The database cannot indicate that you need values ​​from the same row where the maximum value takes place.

Consider the following cases:

  • There are several lines in which the same maximum value occurs. Which row should be used to display article.* Columns?

  • You are writing a query that returns both MIN() and MAX() . This is legal, but which line should article.* Show?

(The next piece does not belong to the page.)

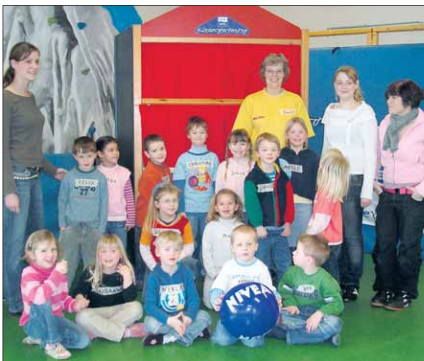
Die Kinder aus dem Kindergarten Schlingeltreff lernten bei fachkundigen DLRG-Mitarbeitern die wichtigsten Baderegeln.

Der Kreis Düren richtet in Zusammenarbeit mit der Fa. „Kramer, Zunft und Kurtzweyl“ am Samstag, den 12. Mai 2007 von 11.00 - 21.00 Uhr & Sonntag, den 13. Mai 2007 von 11.00 - 18.00 Uhr auf der Burg Nideggen ein mittelalterliches Burgfest aus. Unter dem Motto „Das Mittelalter kehrt zurück ins lebendige Museum“ wird dem Besucher der Alltag im Mittelalter durch verschiedene Marktstände, Handwerksvorführungen, Ritterlager und Ritterturnier für Kinder sowie Interessantes zur Waffenkunde, Weben und Filzen näher gebracht. Begleitet von Fanfaren, Puppenspiel, Gaukeleien und Zauberei bildet eine Licht- und Feuershow sicherlich den Höhepunkt des mittelalterlichen Treibens. Eintrittspreise: Erwachsene: 3,00 € Kinder bis Schwertmaß (1,38 m): frei Kinder bis 18 Jahre: 1,50 € Mittelalterlich Gewandete: frei

     SELECT article.* , MIN(article.incoming_time), MAX(article.incoming_time) FROM ticket, article WHERE ticket.id = article.ticket_id AND ticket.queue_id = 1 GROUP BY article.ticket_id 
  • You are using an aggregate function such as AVG() or SUM() , where not a single line has this value. How does the database guess which row to display?

     SELECT article.* , AVG(article.incoming_time) FROM ticket, article WHERE ticket.id = article.ticket_id AND ticket.queue_id = 1 GROUP BY article.ticket_id 

In most brands of the database, as well as the SQL standard itself, you are not allowed to write such a query because of ambiguity. You cannot include a single column in a selection list that is not inside an aggregate function or named in a GROUP BY .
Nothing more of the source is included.